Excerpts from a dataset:
....

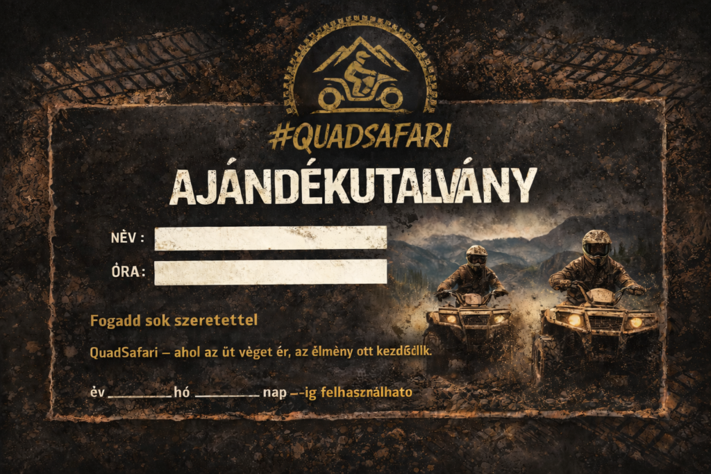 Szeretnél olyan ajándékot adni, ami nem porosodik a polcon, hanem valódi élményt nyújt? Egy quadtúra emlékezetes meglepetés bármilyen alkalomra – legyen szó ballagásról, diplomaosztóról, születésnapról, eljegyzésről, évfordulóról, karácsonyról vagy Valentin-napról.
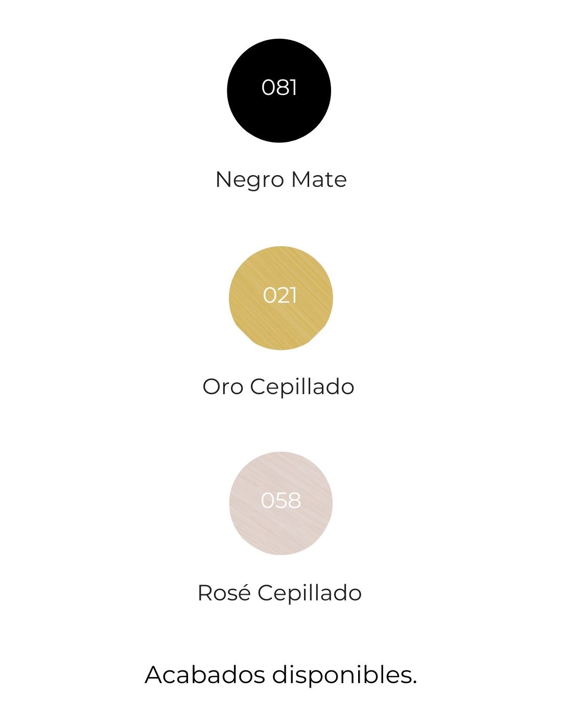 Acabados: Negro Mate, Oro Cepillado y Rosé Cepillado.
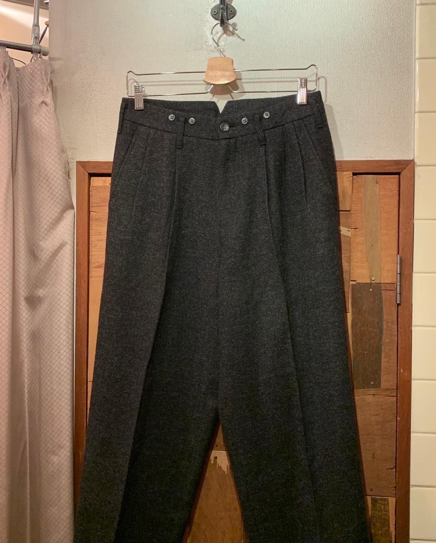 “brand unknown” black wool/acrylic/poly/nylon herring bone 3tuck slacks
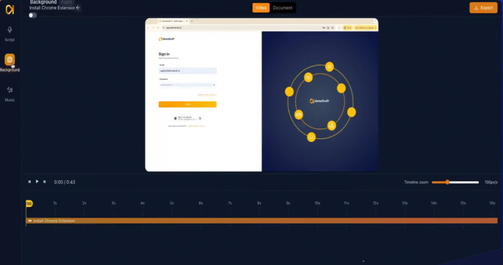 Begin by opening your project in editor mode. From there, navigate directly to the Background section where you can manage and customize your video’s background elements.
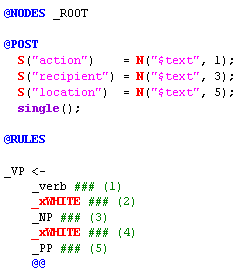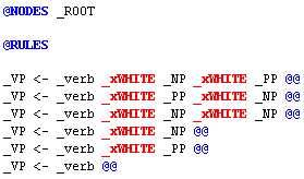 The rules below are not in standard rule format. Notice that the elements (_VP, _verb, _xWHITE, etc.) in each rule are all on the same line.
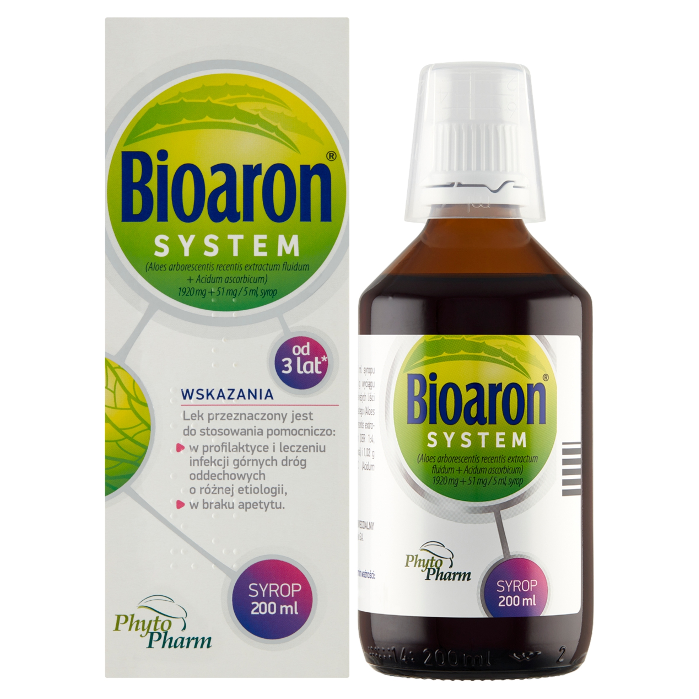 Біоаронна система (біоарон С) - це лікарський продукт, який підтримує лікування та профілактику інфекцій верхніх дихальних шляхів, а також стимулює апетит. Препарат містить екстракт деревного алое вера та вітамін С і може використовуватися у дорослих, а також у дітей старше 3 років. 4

....

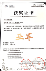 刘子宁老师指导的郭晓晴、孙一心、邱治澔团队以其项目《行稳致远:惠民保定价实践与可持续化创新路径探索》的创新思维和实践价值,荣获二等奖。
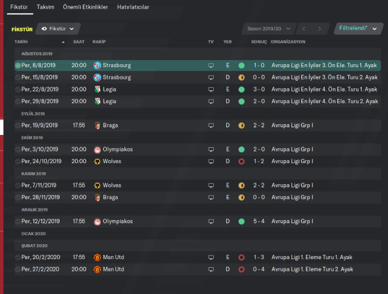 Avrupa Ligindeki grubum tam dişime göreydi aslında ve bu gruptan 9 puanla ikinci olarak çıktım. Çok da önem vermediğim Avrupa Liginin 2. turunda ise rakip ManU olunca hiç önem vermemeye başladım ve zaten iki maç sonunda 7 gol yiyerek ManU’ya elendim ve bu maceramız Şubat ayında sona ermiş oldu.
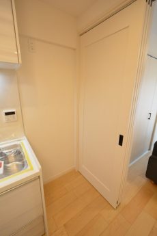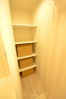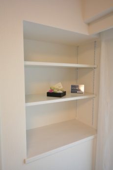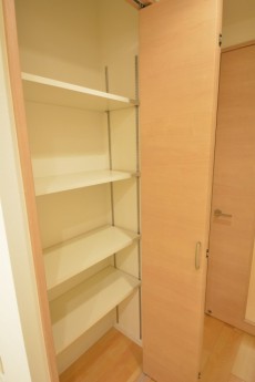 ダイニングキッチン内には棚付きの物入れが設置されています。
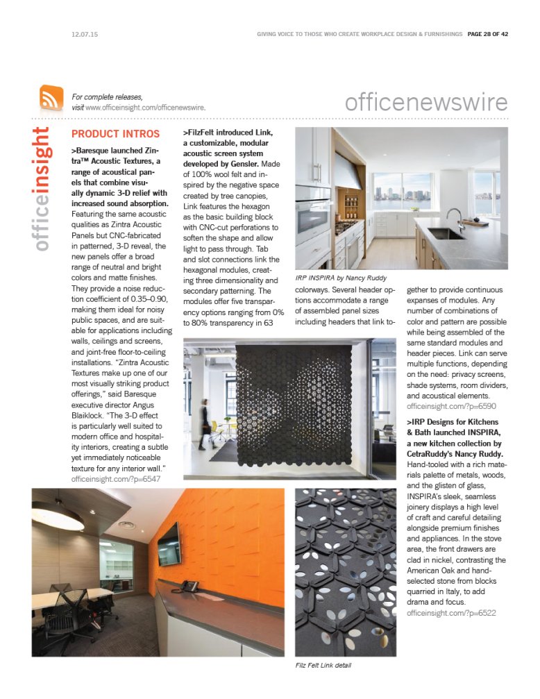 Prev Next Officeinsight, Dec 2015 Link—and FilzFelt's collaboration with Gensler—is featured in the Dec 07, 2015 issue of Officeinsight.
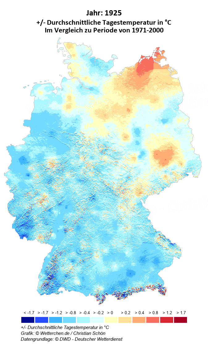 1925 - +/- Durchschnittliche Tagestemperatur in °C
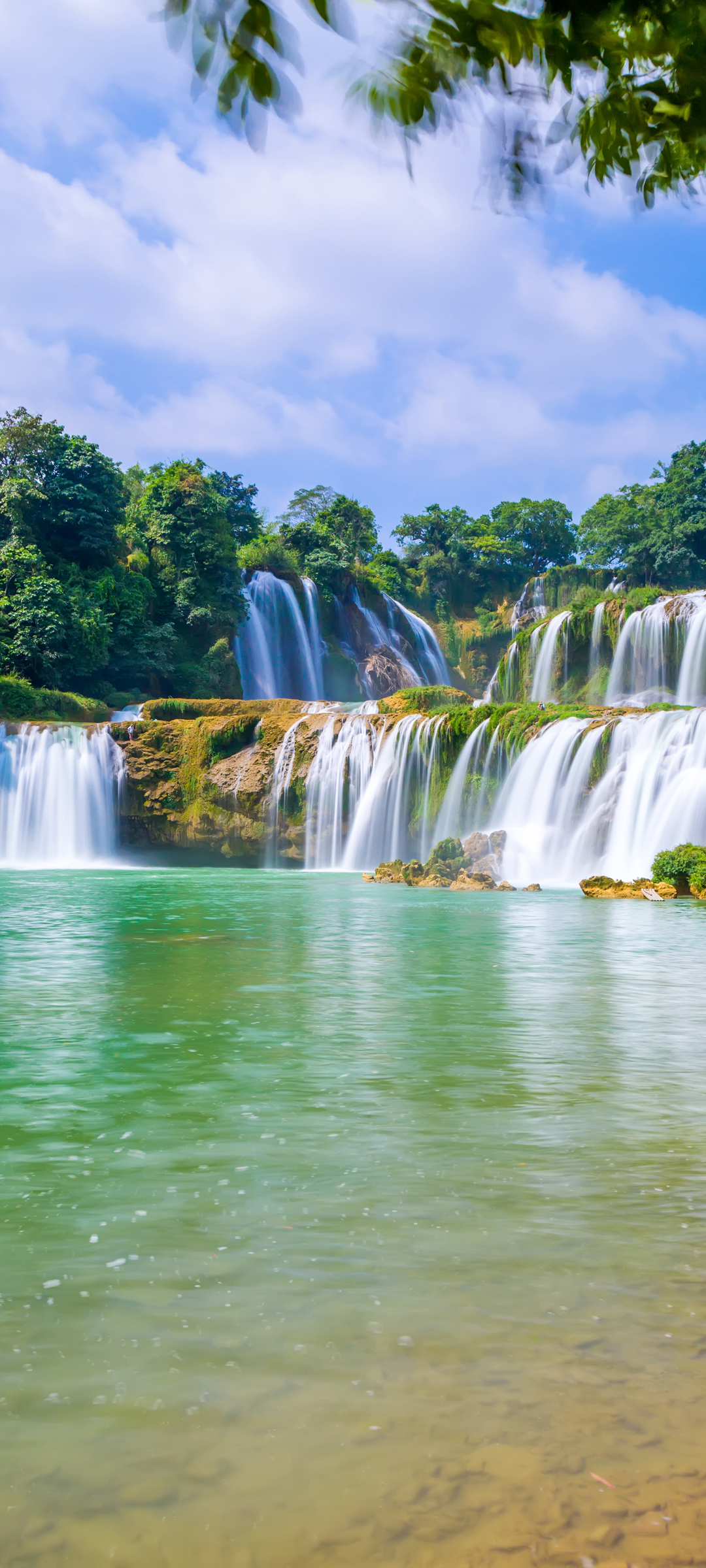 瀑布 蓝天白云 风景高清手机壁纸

....

- _Task prompt_
Pictures do not belong in the answer. Return the lines above starting at the one with "bone 3tuck slacks" and ending at the one with "Біоаронна система (біоарон", both kept, exactly.

- _Finished exercise_
 “brand unknown” black wool/acrylic/poly/nylon herring bone 3tuck slacks
 Begin by opening your project in editor mode. From there, navigate directly to the Background section where you can manage and customize your video’s background elements.
 The rules below are not in standard rule format. Notice that the elements (_VP, _verb, _xWHITE, etc.) in each rule are all on the same line.
 Біоаронна система (біоарон С) - це лікарський продукт, який підтримує лікування та профілактику інфекцій верхніх дихальних шляхів, а також стимулює апетит. Препарат містить екстракт деревного алое вера та вітамін С і може використовуватися у дорослих, а також у дітей старше 3 років. 4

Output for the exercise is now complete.